If they are being encouraged to press for a large pay rise, they could be in for a big disappointment.

Communication is key

Pay claims are unlikely to be demanded by the collective union shop.

It's more likely that a few members of the awkward squad - yes, we've all got them - or perhaps a newly appointed steward want to make their mark, so they seek to establish credibility by raising the expectations of the members and the blood pressure of the trustees.

A key for you must be good communications. Do staff know about the cash crisis? You should perhaps have told them before the pay claim came bouncing in. In any event, you need to get the message across now.

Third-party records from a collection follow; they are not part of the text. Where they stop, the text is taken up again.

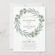 Watercolor greenery olive wreath wedding invitation
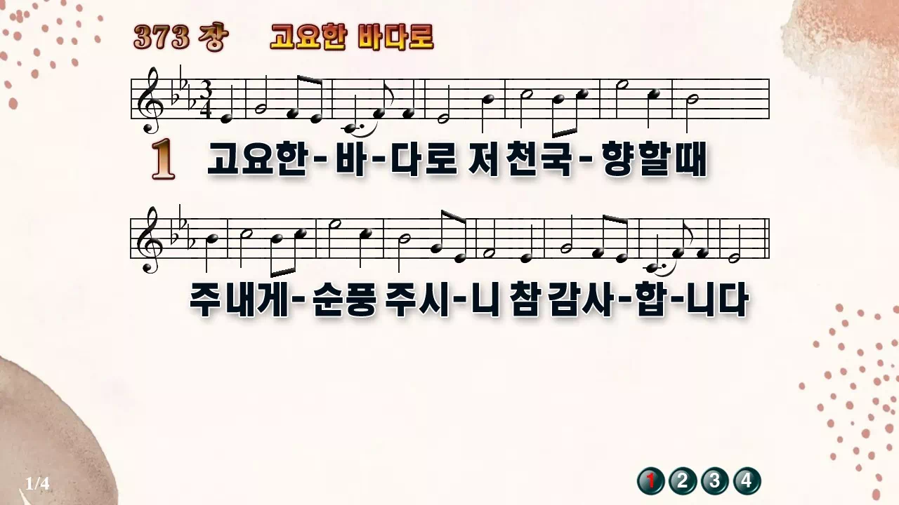 새찬송가 PPT: 373장 고요한 바다로(16:9/가사/PPT악보/다운로드/배경O)
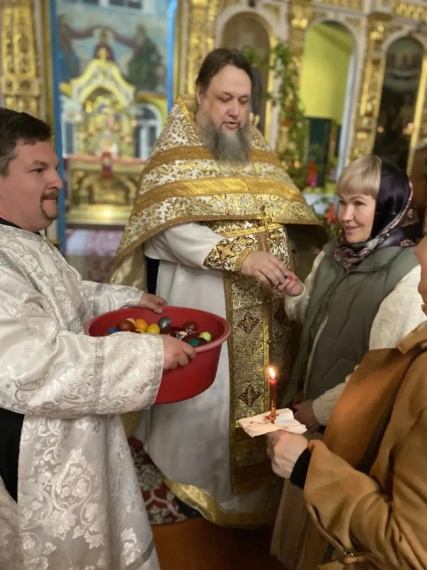 Когда завершается торжественная литургия, настоятель выходит к нам с крашеными яйцами, которые в огромной корзине держат его помощники. Это такая добрая традиция. Отец Андрей раздает их каждому, кто присутствует на литургии, как бы делясь радостью Воскресения и благословляя нас на весь год.

And although your union recognition agreement means you're likely to be confined to talking directly only with the stewards about the pay claim, there's nothing to stop you disseminating all the relevant management information about the state of the charity's finances, and what it can and can't afford. Indeed, you should be doing these things. They are likely to draw the sting from support for the pay claim.

Make concessions

You can ease things further by identifying matters on which you could make concessions without bankrupting yourself, such as more flexible working, better family-friendly policies and more time off.

That way, the union representatives can take something away to offer their members while your finances remain relatively intact. That's the golden rule in industrial relations - always seek a win-win solution.

And if none of that works, try cultivating a good relationship with the full-time trade union officials.

They'll know what is realistically achievable, both in the sector generally and in your charity in particular, and are likely to use their skill to impose a pragmatic solution on their local branch.